To describe the clinical and molecular epidemiology of mupirocin-resistant (MR) and mupirocin-susceptible (MS) methicillin-resistant Staphylococcus aureus (MRSA) at a Veterans' Affairs hospital and to assess risk factors associated with the acquisition of MR MRSA.


All clinical MRSA isolates for the period October 1990 through March 1995 underwent susceptibility testing to mupirocin. Mupirocin resistance trends were measured, and MS MRSA and MR MRSA isolates underwent typing by pulsed-field gel electrophoresis (PFGE). A retrospective case-control study was conducted to evaluate risk factors for having MR versus MS MRSA.


The James H. Quillen Veterans' Affairs Medical Center in Mountain Home, Tennessee, included a 324-bed acute-care hospital, a 120-bed nursing home, and a 525-bed domiciliary. Colonizations and infections with MRSA were endemic, and mupirocin ointment was commonly used.

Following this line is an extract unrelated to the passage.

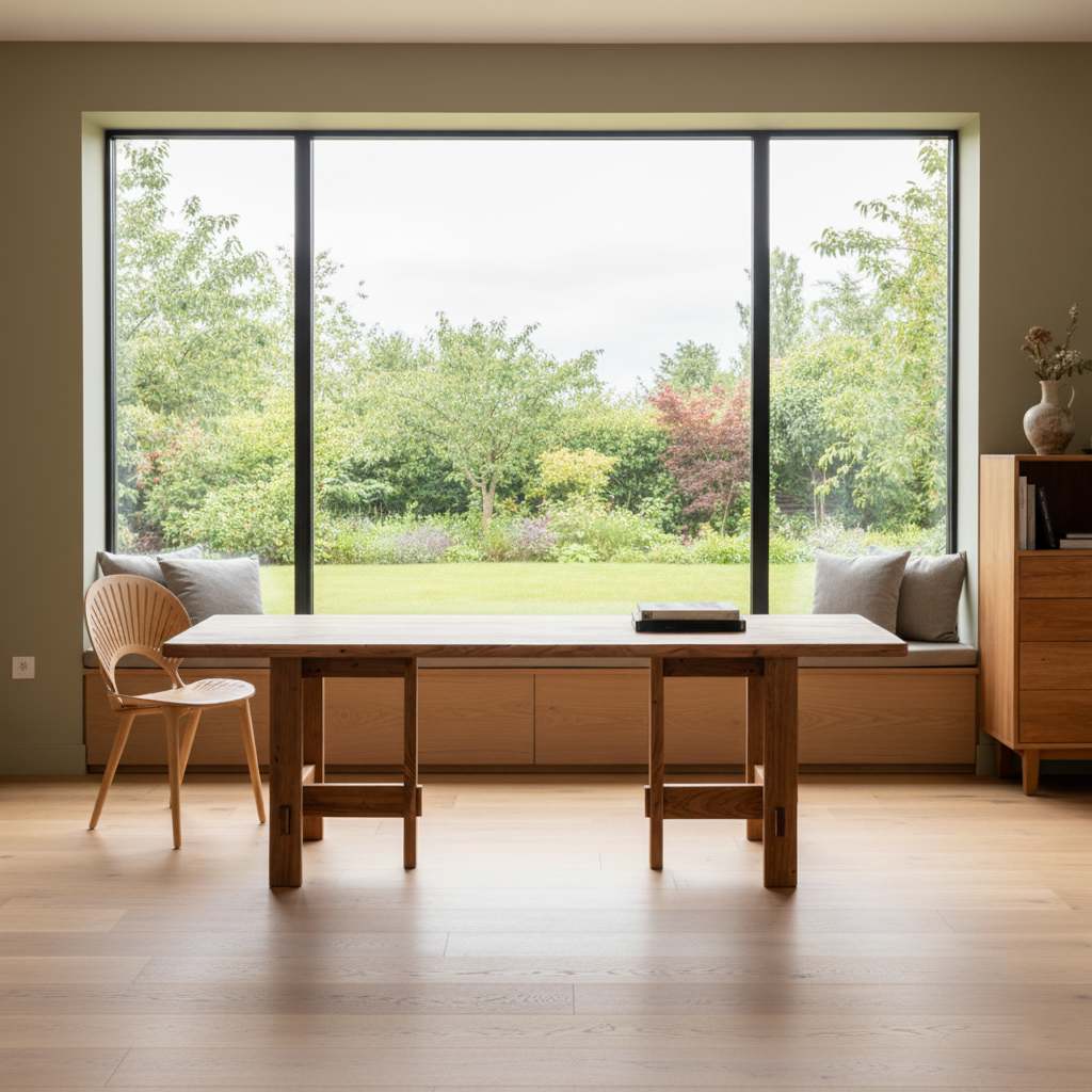 - Dining rooms styled with farmhouse, rustic, or Japandi décor

Inpatients and outpatients at the facility.


MS MRSA was recovered from 506 patients and MR MRSA from 126. Among MR MRSA isolates, 58% showed low-level mupirocin resistance (minimum inhibitory concentration [MIC] ≥4 to 256 μg/mL), and 42% showed high-level mupirocin resistance (MIC ≥512 μg/mL). A significant increase (P=.002) in the number of high-level MR isolates occurred during the 1993 to 1995 period. A case-control study showed that presence of a decubitus ulcer correlated with high-level resistant isolates (P<.05). The distribution of PFGE patterns did not differ for MR and MS MRSA.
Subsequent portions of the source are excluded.